Stock market today: Stocks climb with techs ready to roar

Stocks rose on Friday, putting the S&P 500 on track for a new record, as a technology-led rally lifted a market weighed down by uncertainty over the chances of an early interest rate cut.

The tech-heavy Nasdaq Composite (^IXIC) jumped 0.5%, pointing to a return to earnings recorded on Thursday I eat apple (AAPL) and chip makers fared better. The S&P 500 benchmark index (^GSPC) rose 0.3%, while the Dow Jones Industrial Average (^DJI) gained 0.3% or about 120 points.

The focus has been on big technology could boost a lagging stock market, now that the key drivers of the late 2023 rally have subsided. Thursday's tech-led stock rally put the S&P 500 within 0.3% of its all-time closing high of 4,796.56 and snapped a three-day losing streak for the Dow.

But stocks have had a choppy holiday-shortened week as investors reacted to policy comments, economic data and corporate earnings in an attempt to gauge the likelihood of a Federal Reserve turnaround. The market remains attentive to signs about the timing of rate cuts, which could set the tone for companies this year.

Read more: What the Fed's pause in rate hikes means for bank accounts, CDs, loans and credit cards

In individual stocks, iRobot (IRBT) shares fell 29% after a report that EU regulators plan to block Amazon (AMZN) Acquisition of the manufacturer Roomba for $1.4 billion. Meanwhile, Macy's (METER) fell more than 3% after the retailer said it is cutting 2,350 jobs and close five stores.

Travelers quarterly results (TRV), Financial Regions (RF), and banks will be on Friday's results list.
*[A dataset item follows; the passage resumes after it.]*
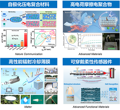 面向新能源与战略性新兴产业中应用的高分子材料及相关器件开展创新性设计与研究工作,例如锂离子电池隔膜、清洁能源转化材料、辐射冷却薄膜与可穿戴柔性传感器等:

As for economic updates, a December reading on existing home sales is expected, as well as an analysis of consumer confidence from the University of Michigan.

Elsewhere, there was a respite in the US government funding saga after lawmakers approved a provisional bill to avoid an imminent closure.

Live3 updates

  • Consumers haven't felt this good about the economy since July 2021

    Americans are feeling increasingly better about the state of the American economy.
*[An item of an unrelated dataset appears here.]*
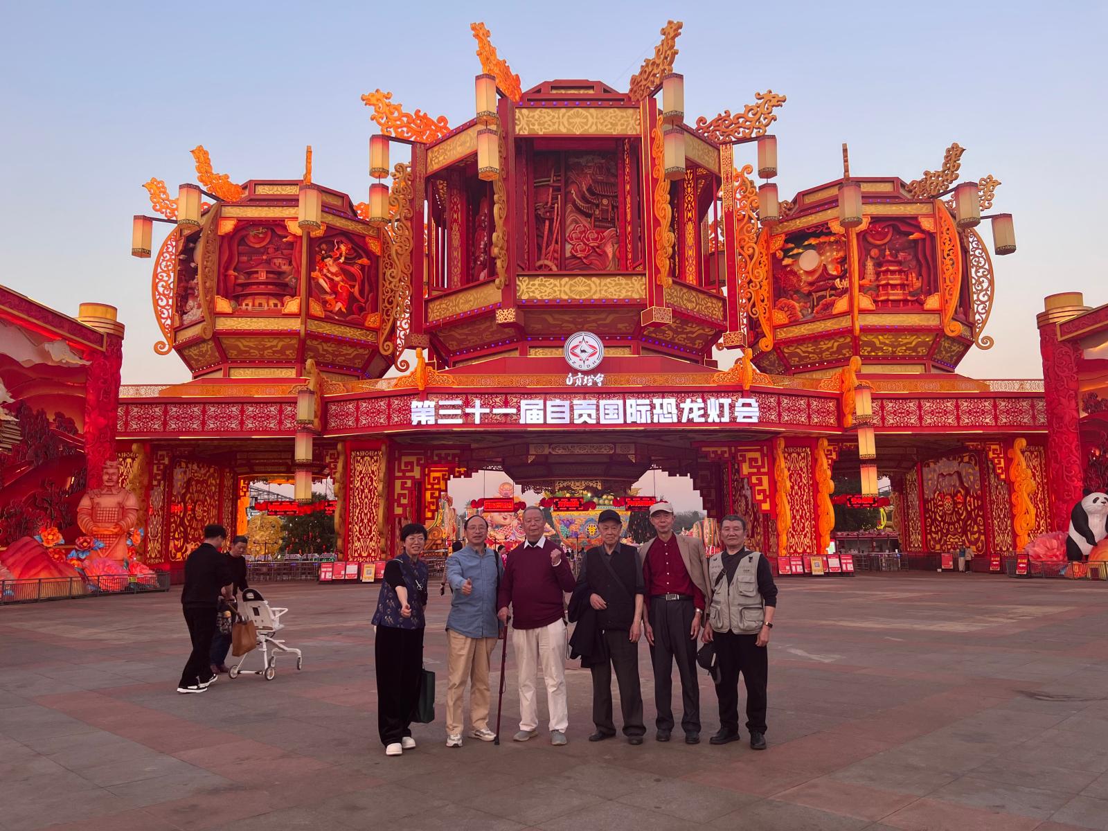 夜幕降临,退休党员干部来到中华彩灯大世界,开展全国灯会灯彩非遗项目学习教育活动。五彩斑斓的彩灯造型各异,将传统文化与现代科技完美融合,生动呈现了15个省国家级灯会灯彩非遗代表性项目近50件灯彩作品及其保护传承成果。

    The latest University of Michigan consumer confidence survey released Friday revealed a 13% increase in overall confidence during the month of January. The index reading for the month was 78.8, its highest mark since July 2021, and well above economists' expectations for a reading of 70.1.
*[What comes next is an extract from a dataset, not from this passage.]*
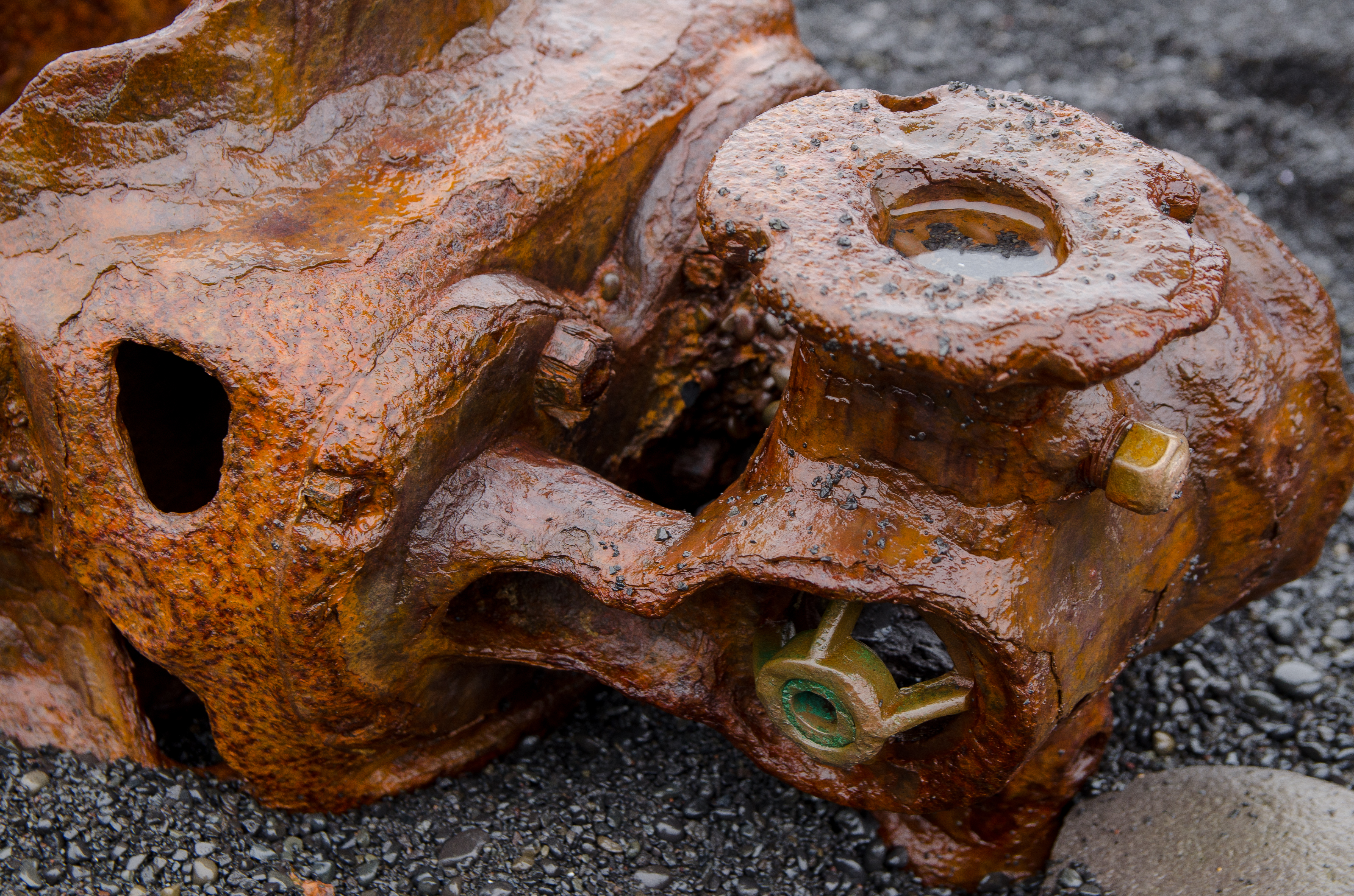 The beach is strewn with the remnants of a 1948 English trawler shipwreck from Grimsby, left there to commemorate the dead.

    The 29% cumulative increase seen in the sentiment index over the past two months is the largest bimonthly increase since the US economy recovered from the recession in 1991.

    "December's sharp increase was no fluke," consumer survey director Joanne Hsu said in a news release. "Consumer views were supported by confidence that inflation has turned a corner and strengthening income expectations."

  • Stocks rise as S&P 500 eyes all-time high

    Wall Street kicked off trading Friday with gains across the board, setting the S&P 500 up for a new record, as investors appear to shake off pessimism linked to potential Federal Reserve interest rate cuts.

    The tech-heavy Nasdaq Composite (^IXIC) jumped 0.5%, pointing to a return to earnings recorded on Thursday I eat apple (AAPL) and chip makers fared better. The S&P 500 benchmark index (^GSPC) gained 0.3%, while the Dow Jones Industrial Average (^DJI) gained 0.3% or about 120 points.

  • Ford cuts F-150 Lightning production as demand for electric trucks falters

    ford (F) He said early Friday morning. would pull 1,400 workers off the production line for the F-150 Lightning, the electric version of its best-selling truck, in response to customer demand.

    Which means people aren't as excited about buying an electric version of the F-150 as the company had planned.

    Half of these workers will be transferred to Ford's plant that makes its new Bronco and Ranger trucks, while the other half will be offered buyouts or find a position in another capacity at its Dearborn factory, where the F- is made. 150 Lightning.

    The measure is reminiscent of Pras Subramanian story from Yahoo Finance in late 2023 As noted, last year we saw the industry's electric vehicle dreams come true.

    Which means the lofty projections automakers made in recent years that the entire country would start to look like California when it comes to electric vehicle adoption are starting to look too dreamy.

    And investors have certainly been skeptical: Ford and GM stocks (GM) have declined over the past year, lagging the S&P 500 considerably over that period.

    With higher rates making auto financing more difficult for many consumers, fears about an economic slowdown still weighing on consumers and inventory levels remaining depressed, the feelings of euphoria that swept through the auto industry in 2021 are feel quite distant as 2024 progresses.